The disease theory notes that some viral pathogens, like
influenza or cowpox, are sometimes able to transfer from one species to another. Maybe species that migrated from Asia
smuggled in some virulent viruses. But
species-to-species transfers are more likely to happen in confined conditions,
like barnyards and livestock herds.
During the extinctions, a variety of browsers, grazers, and carnivores
disappeared, from an entire continent, in a short stretch of time.
The climate change theory notes that when the Younger Dryas
blast freezer moved in 12,800 years ago, the Clovis culture suddenly vanished. Eventually, “nearly every animal over 220
pounds (100 kg) died off and only animals weighing less than that survived this
extinction. A notable exception was the
grizzly, along with modern bison, moose, elk, caribou, musk ox, polar bear, and
chunky humans.” Why hadn’t numerous
earlier ice ages caused similar mass extinctions?
Paul Martin was the father of the Pleistocene overkill
theory, which asserts, that man, and man alone, was responsible for the unique wave
of Late Pleistocene extinctions. He
believed that the American extinctions occurred rapidly, in a “blitzkrieg” of
overhunting. He argued that across many
thousands of years, extinction events corresponded to human colonization — in
Australia, the Americas, Tasmania, New Zealand, the Caribbean, and so on.
Hunting clearly played a role, but it’s hard to believe that all
of the horses and dire wolves in America were driven to extinction by hunters with
spears. Blitzkrieg seems like too strong
a word. Unlike mice and bunnies, large
mammals have low rates of reproduction.
“If hunters remove just 4 or 5 percent of a population of
slow-reproducing wildlife, those animals are on a road headed toward
extinction.” The megafauna extinctions could
have occurred gradually, over decades and generations, too slowly to raise
alarm.
Climate shifts can spur extinctions. The hills near Peacock’s home are red,
because pine beetles are killing the whitebark pines. The beetles are thriving because warmer
winters enable more to survive. For
grizzlies, pine nuts are a dietary staple.
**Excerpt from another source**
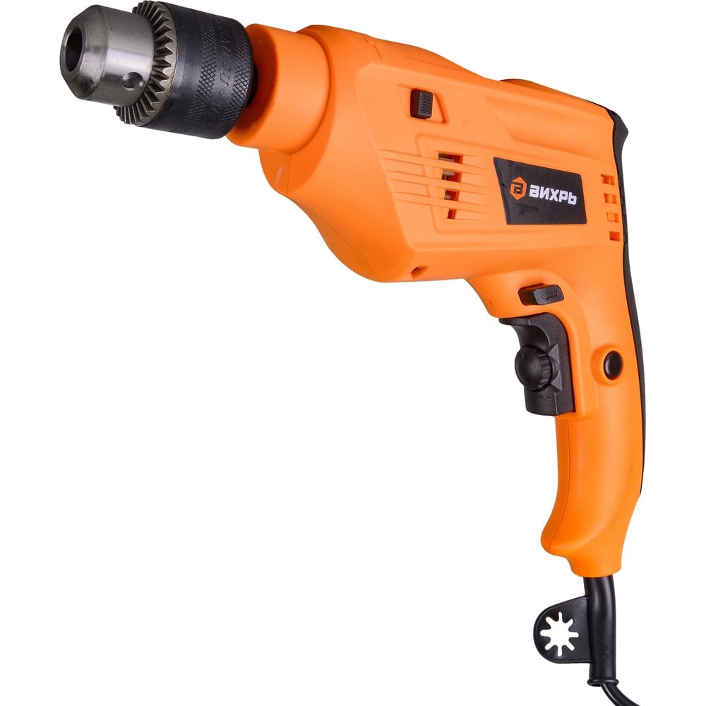 Дрель электрическая ударная Вихрь ДУ-700 станет надежным помощником для решения бытовых задач.Оснастка крепится в ключевом патроне диаметром 1,5-13 мм. Такая фиксация является надежной и исключает ослабление сверла во время вращения. Инструмент позволяет делать отверстия до 13 мм в стальных поверхностях, до 15 мм в бетоне, до 25 мм в дереве. Наличие ударного механизма облегчает работу с бетонными и каменными основаниями. Электродрель можно использовать в качестве шуруповерта, шлифовальной машины при условии соответствия оснастки ключевому патрону устройства. Возможность регулировки оборотов позволяет подбирать оптимальный режим для каждого конкретного случая. Режим реверса поможет легко выкрутить застрявшее сверло или крепеж. Кнопка выключения имеет фиксатор, что избавляет от необходимости постоянно держать ее нажатой. Дрель весит 1,8 кг, для удобства удержания она оснащена дополнительной ручкой в передней части корпуса.

He worries that the bears might be driven to extinction by tiny beetles
that benefit from the emissions of consumer society.
Let’s zoom back to the Clovis site discovered near Peacock’s
home in 1968. He didn’t learn about the
site until the mid-1990s. Scientists had
hauled away a bunch of artifacts, but didn’t return to perform a thorough
excavation. Peacock was able to
encourage additional work at the site, which began in 1999. This inspired a years-long adventure in
learning, which eventually resulted in a book, In the Shadow of the Sabertooth.
The Anzick site was the richest discovery of Clovis
artifacts. Among the findings was the
skeleton of a boy, about 18 months old, the only remains of a Clovis human ever
found. It is also the oldest human
skeleton found in the Americas. The
results of DNA sequencing were published in 2014. “The Montana Clovis people are direct
ancestors to some 80 percent of all Native North and South Americans living
today.” This line came from Northeastern
Asia. The boy’s genes strongly resemble
those of a 24,000 year old skeleton from Lake Baikal in Central Siberia.
“The one unmistakable lesson of the Late Pleistocene
extinction is that human activity combined with global warming is a potential,
ageless, deadly blueprint for ecological disaster.” Today, the disaster we’re creating will be of
far greater magnitude, and technology will not be able to rescue us. It’s time to rise up and defend this planet.
For readers who have a comprehensive working knowledge of
paleontology, this book might be easy to understand. It summarizes the highlights of decades of
scholarly research, and comments on the major controversies. General readers (like me) are more likely to
struggle with the non-linear presentation.
Be sure to look at the revised edition (2014), not the first edition
(2013). The first edition was printed
before Peacock could review, correct, and polish the manuscript, due to a
health crisis — and the text was a mess.
The Kindle version is the first edition.